Mutations next to deletions are frequently misread, so I'd be surprised if there aren't numerous sequences with G2782T, T111C, C5512T, and S:67A. But the fact that there are 350 sequences with C5512T but without G2782T, T111C, or S:A67V makes it clear these two lineages are very unlikely to be directly related unless it's through recombination.

Yeah I also think it is likely a recombinant. China is not submitting much sequences so lineages with S:67A is likely to have very few seqs due to it cannot compare with S:67V. I just wanna point out the correct order of the mutation shall be JN.1->G2782T->T111C->C5512T->S:A67V as there are no seq of 5512T+[exactly-1-of: 2782T, 111C, S:67V]

ryhisner commented 5 months ago

Yeah, but there are hundreds of sequences with C5512T and not G2782T. C5512T had to come first on the JN.1.33 branch. There are zero sequences on the JN.1.39 branch that have C5512T.

aviczhl2 commented 5 months ago

There are zero sequences on the JN.1.39 branch that have C5512T.

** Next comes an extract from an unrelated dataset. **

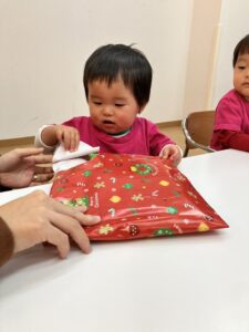 会も終盤に差し掛かった頃、突然インターフォンが鳴り、どこからか鈴の音が…。子どもたちは「えっ⁈⁈」と驚きながらキョロキョロ。気づけばサンタさんからのプレゼントが届いていて、みんな大喜びで包みを開けていました。
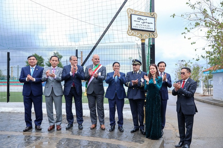 Thủ tướng Phạm Minh Chính và Phu nhân cùng Đoàn đại biểu cấp cao Việt Nam thăm Đại lộ Hồ Chí Minh tại Thủ đô Algiers và khánh thành Bia Tưởng niệm về thân thế, sự nghiệp Chủ tịch Hồ Chí Minh. (Ảnh: VGP/NHẬT BẮC)

That's because they are placed to JN.1.33.

ryhisner commented 5 months ago

They don't have S:A67V either though. And even if that's the case, it still doesn't explain how there are hundreds of sequences with C5512T but without T111C, G2782T, or S:A67V.

aviczhl2 commented 5 months ago

They don't have S:A67V either though. And even if that's the case, it still doesn't explain how there are hundreds of sequences with C5512T but neither T111C nor A:S67V.

1:There is a JN.1+C5512T branch (which is where "hundreds of seqs" come from) 2:There is a JN.1+G2782T+T111C branch

3: There is a JN.1+T111C,G2782T,C5512T branch, and usher place them as JN.1+C5512T+G2782T,T111C.

3 is likely a recomb of 1 and 2, and if we don't consider recombs 3 shall more likely to be placed under 2.

4: S:A67V is a sub-branch of 3.

aviczhl2 commented 5 months ago

image

There is a large S:R346T branch under this now, also with an S:F456L sub-branch.

FedeGueli commented 5 months ago

image

There is a large S:R346T branch under this now, also with an S:F456L sub-branch.

it is branch 51 of https://github.com/sars-cov-2-variants/lineage-proposals/issues/1089

FedeGueli commented 5 months ago

the 456l branch with 1104L could be a recombinant ?

Over-There-Is commented 4 months ago

JN.1.33 has been redesignated as JN.1.39.3 now.